In 2018, the New Jersey Supreme Court ruled that Morris County’s practice of providing historic preservation grants to churches was in violation of the New Jersey Constitution, overturning a lower court ruling. That’s when Morris County implemented a policy change that excluded churches from participating in the program.

However, since the 2018 ruling, the U.S. Supreme Court has clarified that the federal Constitution forbids excluding religious institutions from public funding programs solely due to their religious nature or activities, First Liberty said.

State and local governments offering public benefits, such as historic preservation grants, cannot discriminate against an applicant solely because they operate as a house of worship, the group said, explaining that the grants’ primary purpose is to promote and support historic preservation, which ultimately benefits the entire community.

Although the U.S. Supreme Court declined to hear the case in 2019, Justice Brett Kavanaugh, supported by Justices Samuel Alito and Neil Gorsuch, dissented from the denial of certiorari, stating that New Jersey’s law appeared to violate the U.S. Constitution. They argued that excluding religious organizations from a general historic preservation grants program is “pure discrimination against religion.”

In 2017, the U.S. Supreme Court ruled in Trinity Lutheran Church v. Comer that a Missouri church should not be prohibited from benefiting from a secular aid program solely because it is a church.

The highest court in the nation concluded that Trinity Lutheran Church of Columbia should not be banned from a state program meant to help repair their daycare playground, reversing a lower court decision.

"... The exclusion of Trinity Lutheran from a public benefit for which it is otherwise qualified, solely because it is a church, is odious to our Constitution all the same, and cannot stand,” wrote Chief Justice Roberts.
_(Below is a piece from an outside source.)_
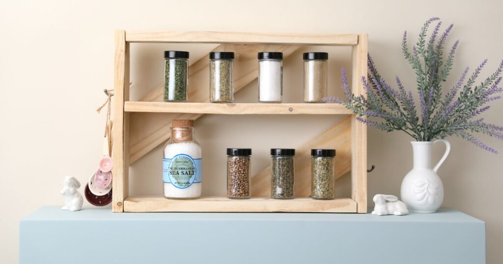 Every ardent home chef loves to have plenty of spices on hand, but no one likes having to rummage around cluttered cabinets to find them. Bring joy back to cooking with this easy spice rack made from pallet boards. A few hooks on the side can hold a set of teaspoons or measuring cups. When you’ve stocked it, you’ll be able to grab and dash your favorite flavors quickly.
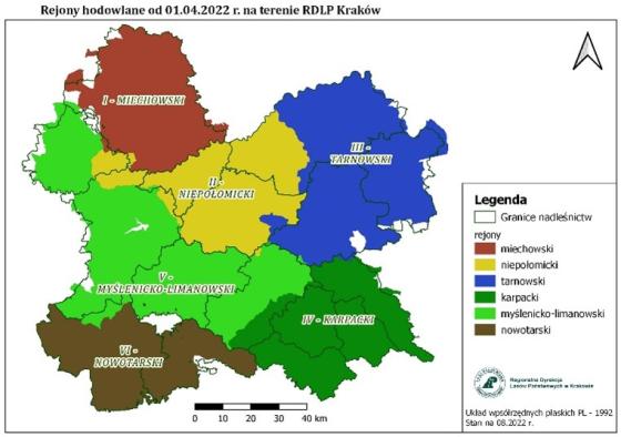 Na terenie RDLP w Krakowie zostało utworzonych 6 takich rejonów.

Last month, a group of Jewish parents sued California over a state law that prohibits religious schools from being eligible to receive special education funds meant to help children with disabilities.

The legal filing alleged that the defendants violated the First Amendment’s Free Exercise Clause and the 14th Amendment’s Equal Protection Clause by refusing to provide funds for parents to send their children with special needs to Orthodox Jewish schools.

The California Education Code requires that schools that receive federal Individuals with Disabilities Education Act funding be “nonsectarian.”

“Defendants have not waived and will not waive the ‘nonsectarian’ requirement necessary for private religious schools to access otherwise generally available public funding,” read the complaint.